UPAD Anomaly Detection Framework Benefits:

  • UPAD operates without supervision to build statistical baselines of normal activity.  UPAD is capable of training over dirty data, so the detection engines do not require a pristine environment to train in. Additionally the baselines built by UPAD adapt over time as the environment changes.
  • A multi-vectored solution, UPAD can employ multiple anomaly detection algorithms, each independently measuring how much different event characteristics deviate from the normal baseline.

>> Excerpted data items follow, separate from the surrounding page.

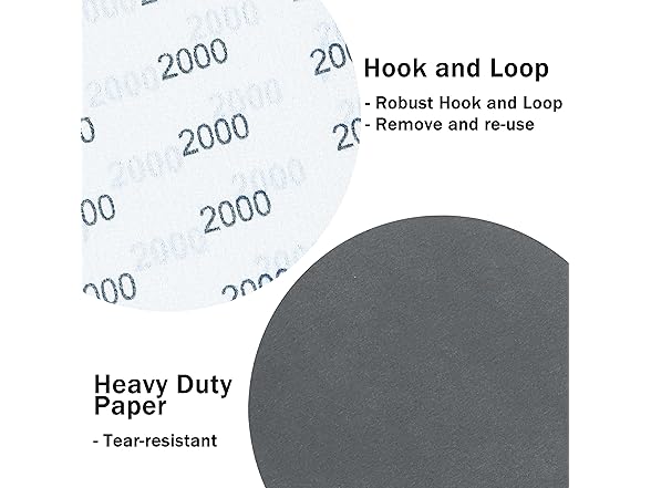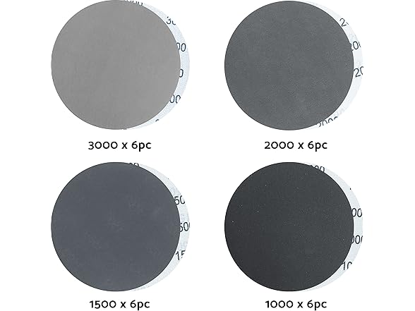 - 6 sanding discs hook and loop: 6 pcs of 1000 grit hook and loop sandpaper, 6 pcs of 1500 grit sandpaper, 6 pcs of 2000 grit sandpaper, 6 pcs of 3000 grit wet sandpaper.
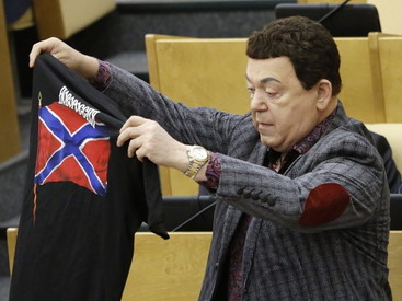 Первый зампред комитета Госдумы по культуре, певец Иосиф Кобзон предложил депутатам Госдумы приобрести футболки с символикой "вежливых людей" и Новороссии, чтобы таким образом поддержать юго-восток Украины. Об этом сообщает ИТАР-ТАСС
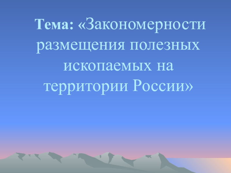 Слайд 1 Тема: «Закономерности размещения полезных ископаемых на территории России»
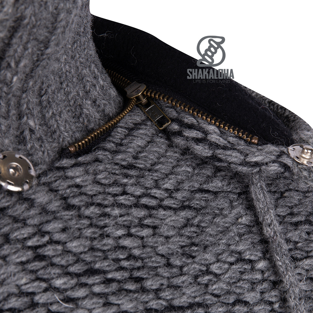 Chaleco de punto gris para hombre de Shakaloha, con una puntada especial y un fondo gris oscuro que le da un efecto impactante. Fabricado en Nepal, cuenta con bolsillos laterales, un bolsillo interior con cremallera, capucha desmontable y cremalleras YKK ultrarresistentes. Este resistente chaleco para hombre cuenta con un forro polar completo, incluyendo la capucha y los bolsillos laterales. La chaqueta está disponible en dos colores y una amplia gama de tallas. Los chalecos Shakaloha están confeccionados con 100 % lana de oveja de Nueva Zelanda y se fabrican en Nepal respetando a los animales y a los trabajadores. Se pueden lavar con un poco de detergente para lana en un ciclo de 30 grados.
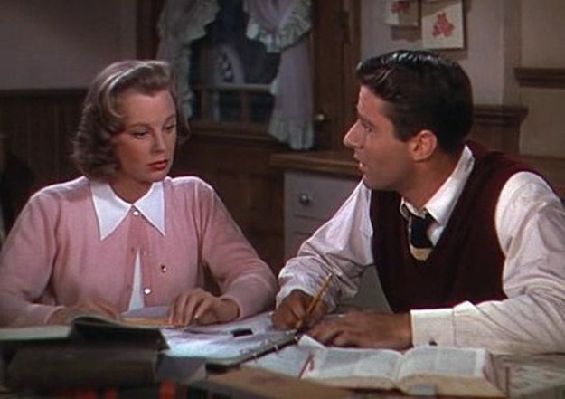 When Tommy gets nowhere with Pat, he tries to study French which is a language she’s most interested in. Tommy gets help from part-time school librarian Connie Lane, played by June Allyson, to enlist studying French. Gradually, Tommy falls in love with Connie before he’s entangled with Pat.

  • The UPAD framework is the basis for CounterStorm’s flow-level and content-level anomaly detection, and has also been used for host level anomaly detection, as well as database user behavior modeling.
  • UPAD supports sophisticated conditional modeling, so that statistical baselines can be built to highlight specific types of network or application activity. For example, UPAD can build multiple anomaly detection modules for traffic flow based on source and destination address ranges, ports and protocols.
  • UPAD is very extensible. The ability to enhance threat detection via arithmetic, accumulation, or labels makes UPAD an ideal research and development framework for security ISVs and system integrators.
  • UPAD facilitates the aggregation and suppression of alert bursts to improve the accuracy of the anomaly information and the ability to streamline the workflow associated with utilizing anomaly detection technology.